Shown below is a listing with pictures; reproduce exactly, and only, the lines between the ones containing "With a choice" and "Andros | 430 |", inclusive, leaving the pictures out.

Records provided:
————

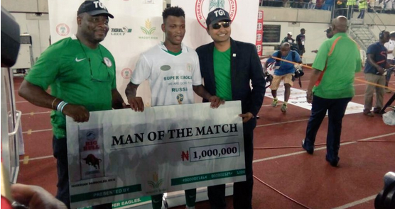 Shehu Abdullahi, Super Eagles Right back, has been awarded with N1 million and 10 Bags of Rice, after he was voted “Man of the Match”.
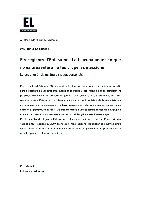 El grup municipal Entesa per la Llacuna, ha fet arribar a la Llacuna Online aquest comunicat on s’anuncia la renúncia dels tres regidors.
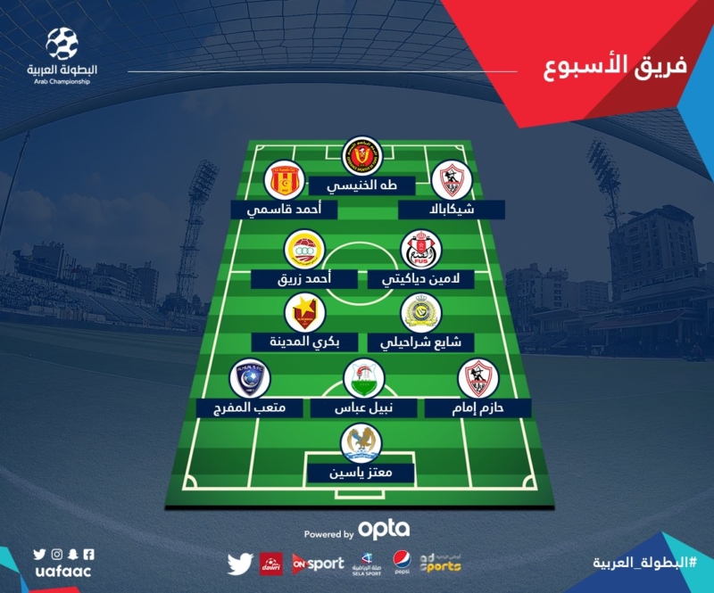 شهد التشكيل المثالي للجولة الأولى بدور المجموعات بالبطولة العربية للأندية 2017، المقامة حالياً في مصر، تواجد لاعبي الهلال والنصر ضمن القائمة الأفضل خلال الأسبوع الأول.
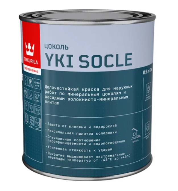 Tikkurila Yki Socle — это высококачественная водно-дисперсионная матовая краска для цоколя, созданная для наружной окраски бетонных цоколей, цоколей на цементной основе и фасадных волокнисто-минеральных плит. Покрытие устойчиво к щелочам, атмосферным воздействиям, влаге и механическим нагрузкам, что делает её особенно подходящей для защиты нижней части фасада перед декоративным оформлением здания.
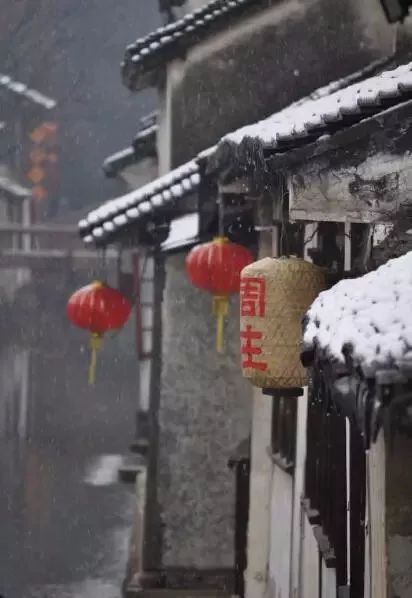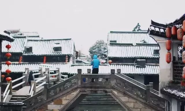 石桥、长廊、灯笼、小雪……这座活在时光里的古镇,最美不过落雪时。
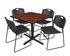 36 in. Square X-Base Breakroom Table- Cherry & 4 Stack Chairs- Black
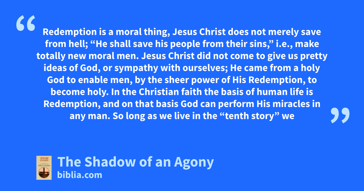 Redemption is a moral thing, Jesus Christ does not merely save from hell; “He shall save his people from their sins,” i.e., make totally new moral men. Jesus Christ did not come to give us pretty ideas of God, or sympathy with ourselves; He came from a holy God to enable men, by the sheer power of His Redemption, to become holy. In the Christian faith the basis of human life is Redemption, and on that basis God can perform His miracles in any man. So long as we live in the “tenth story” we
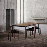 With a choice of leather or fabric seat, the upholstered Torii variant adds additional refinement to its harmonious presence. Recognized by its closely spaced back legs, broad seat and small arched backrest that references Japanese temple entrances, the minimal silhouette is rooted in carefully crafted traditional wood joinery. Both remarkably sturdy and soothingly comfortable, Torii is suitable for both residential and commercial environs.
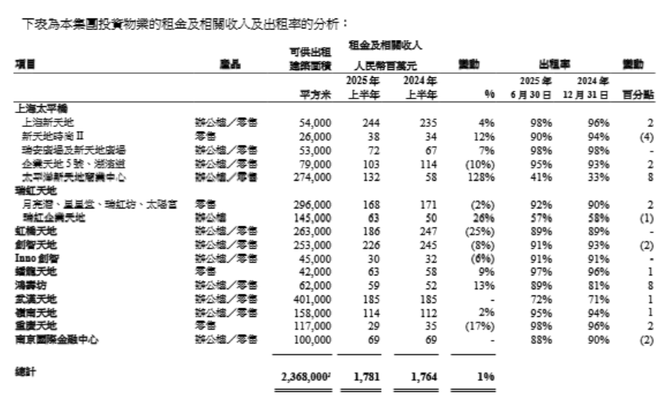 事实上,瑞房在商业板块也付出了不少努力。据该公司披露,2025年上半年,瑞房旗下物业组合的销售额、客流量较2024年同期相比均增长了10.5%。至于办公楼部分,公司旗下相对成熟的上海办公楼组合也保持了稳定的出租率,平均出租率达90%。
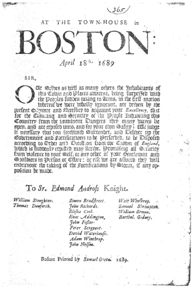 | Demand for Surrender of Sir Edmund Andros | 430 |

————

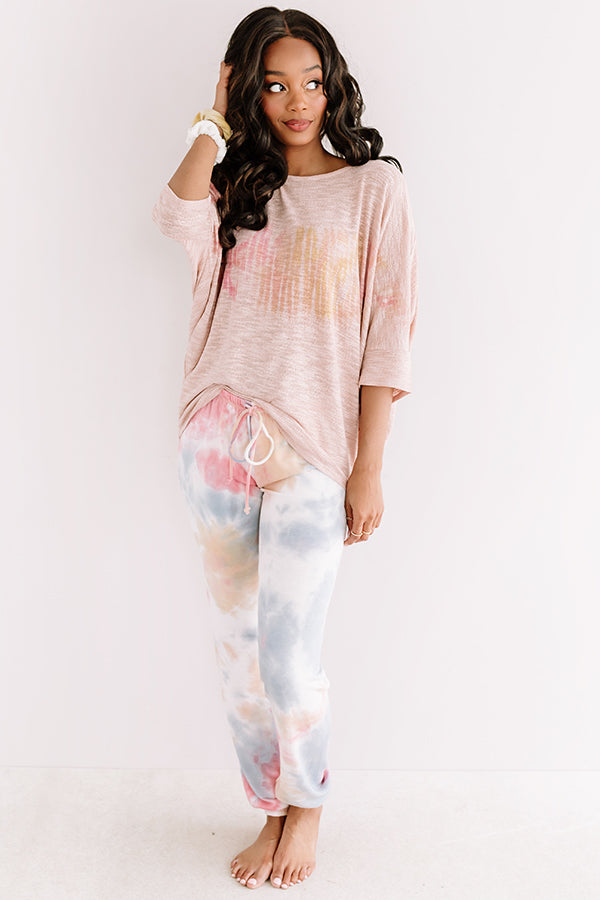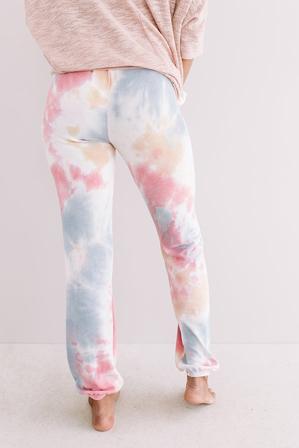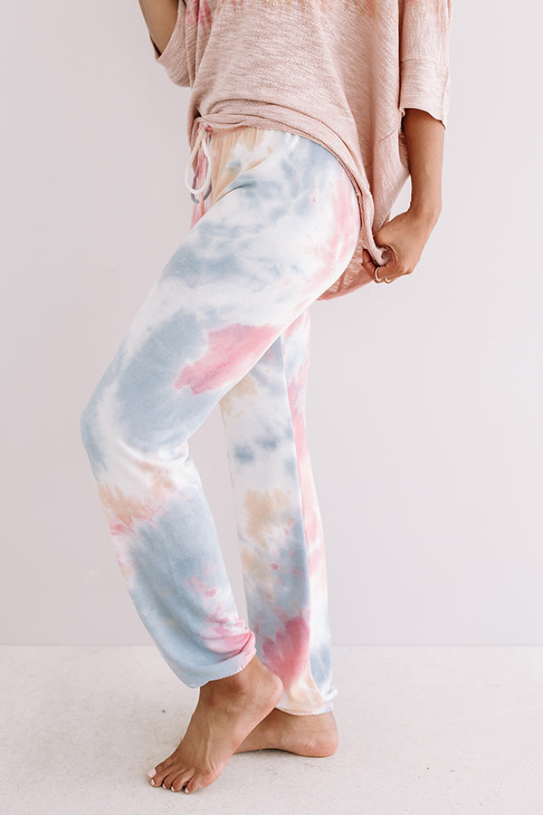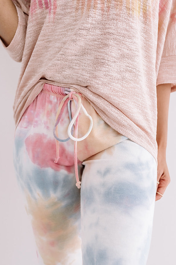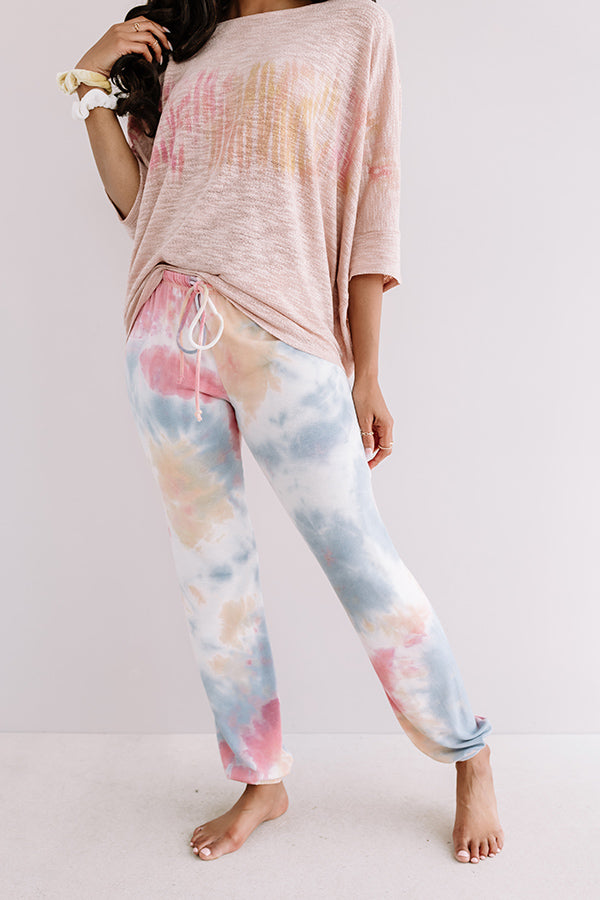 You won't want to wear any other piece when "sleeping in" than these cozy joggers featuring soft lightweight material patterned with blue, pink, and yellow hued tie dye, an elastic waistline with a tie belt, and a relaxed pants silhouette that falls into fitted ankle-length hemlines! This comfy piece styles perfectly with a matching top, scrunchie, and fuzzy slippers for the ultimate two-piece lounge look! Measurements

————

Written answer:
 With a choice of leather or fabric seat, the upholstered Torii variant adds additional refinement to its harmonious presence. Recognized by its closely spaced back legs, broad seat and small arched backrest that references Japanese temple entrances, the minimal silhouette is rooted in carefully crafted traditional wood joinery. Both remarkably sturdy and soothingly comfortable, Torii is suitable for both residential and commercial environs.
 事实上,瑞房在商业板块也付出了不少努力。据该公司披露,2025年上半年,瑞房旗下物业组合的销售额、客流量较2024年同期相比均增长了10.5%。至于办公楼部分,公司旗下相对成熟的上海办公楼组合也保持了稳定的出租率,平均出租率达90%。
 | Demand for Surrender of Sir Edmund Andros | 430 |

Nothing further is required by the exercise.